I have to say that I think a lot of that depends on the quality of the people working at the store. I walked into three different Petco stores in the past month and found that not only were the Betta fish spread out more so the males did not flare at eachother all day but they also did hourly checks on the fish, water safety checks daily and their water was warm enough to stimulate the fish to move around. Not ideal conditions for sure but much better than I have seen at other pet stores. I also liked that when I was asking questions about Betta care they suggested at least a 2 gallon tank with a heater and a good hiding spot!

I am not trying to write a rave review for petco because I do know that a lot can treat their Betta fish just as bad as wal-mart, well maybe not THAT bad, but close. I do want to say that there are caring individuals working at local Petco stores around me who love Bettas


----------



## Okami (Oct 10, 2011)

my local pet-co is one of them. The staff being knowedgeable is key in making sure people know what they are doing when getting a Betta.


----------



## hannah16 (Mar 3, 2011)

BettaPirate said:


> I always read mixed reviews on here about buying petco products and betta fish.
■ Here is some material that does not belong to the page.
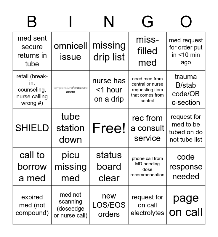 This bingo card has a free space and 38 words: compatibility question, TPN issue, stat alteplase, temperature/pressure alarm, code response needed, picu missing med, nurse has <1 hour on a drip, move meds between omnicell, med request for order put in <10 min ago, need med from central or nurse requesting item that comes from central, tube station down, miss-filled med, page on call, request for med to be tubed on do not tube list, retail (break-in, counseling, nurse calling wrong #), call to borrow a med, med message requesting drug in omnicell, missing drip list, smog compound, rec from a consult service, med sent secure returns in tube, med not scanning (doseedge or nurse call), trauma B/stab code/OB c-section, expired med (not compound), doseedge bypass, new LOS/EOS orders, call from outside pharm to borrow med, tube shut down for full tube, request for vaccine, recon med, ID home med, status board clear, request for on call electrolytes, omnicell issue, med message requesting med scanned into med bin, phone call from MD needing dose recommendation, SHIELD and need to waste for narc.

I have walked into one of the Petco stores where there are at least two dead Betta fish in the little cups and they place male betta fish next to eachother so that they continue to flare at eachother and get stressed out.
> 
> I have to say that I think a lot of that depends on the quality of the people working at the store. I walked into three different Petco stores in the past month and found that not only were the Betta fish spread out more so the males did not flare at eachother all day but they also did hourly checks on the fish, water safety checks daily and their water was warm enough to stimulate the fish to move around. Not ideal conditions for sure but much better than I have seen at other pet stores. I also liked that when I was asking questions about Betta care they suggested at least a 2 gallon tank with a heater and a good hiding spot!
> 
> I am not trying to write a rave review for petco because I do know that a lot can treat their Betta fish just as bad as wal-mart, well maybe not THAT bad, but close. I do want to say that there are caring individuals working at local Petco stores around me who love Bettas



http://www.change.org/petitions/walmart-stop-the-sale-and-abuse-of-betta-fish 

Help stop Walmart =]


----------



## BettaPirate (Nov 20, 2012)

I have signed that before. I can't even go near their Betta section  that is when/if I shop their at all


----------



## hannah16 (Mar 3, 2011)

BettaPirate said:


> I have signed that before. I can't even go near their Betta section  that is when/if I shop their at all


I always go into the betta section so if I see dirty water I use there "betta" water and swap it out. I leave the empty bottle there so they know someone gives a darn. I also, move the dead bettas off the shelves and put them in the sink so no one else turns away from buy the live ones.


----------



## BettaPirate (Nov 20, 2012)

That is nice of you! I don't even really understand why they even sell fish.


----------



## hannah16 (Mar 3, 2011)

Thank you. I've always done it. And I unstack them too so they can breathe. Last time I popped the little holes on the top so they had better air flow.


----------



## rosy delta (Jul 17, 2012)

I know. My closest Petco is excellent in their care of bettas, and all the fish. They take care to hire knowledgeable people i think. at least for the fish. the next closest one stinks. horrible care - or rather no caring at all. so, if you have an excellent store of any kind near you, tell them and patronize them. the others dont!


----------



## BettaPirate (Nov 20, 2012)

I mentioned to the workers at the bad petco that they had two dead Betta fish out on the shelf and they just kind of blew me off. So when I went to one of the good Petco stores I told them what I had seen and they had me fill out a complaint form to send to corporate. I was glad at least someone listened to me.


----------



## rosy delta (Jul 17, 2012)

oh good idea. i will do that next time too!


----------



## Hershey (Sep 28, 2012)

BettaPirate said:


> I have signed that before. I can't even go near their Betta section  that is when/if I shop their at all


I actually have a CT from there now, and all he has is bloat. I guess it varies. I went to the Walmart today and the fish looked much better.. but where are the fish from last week? :I


----------



## cbernhard11 (Nov 27, 2012)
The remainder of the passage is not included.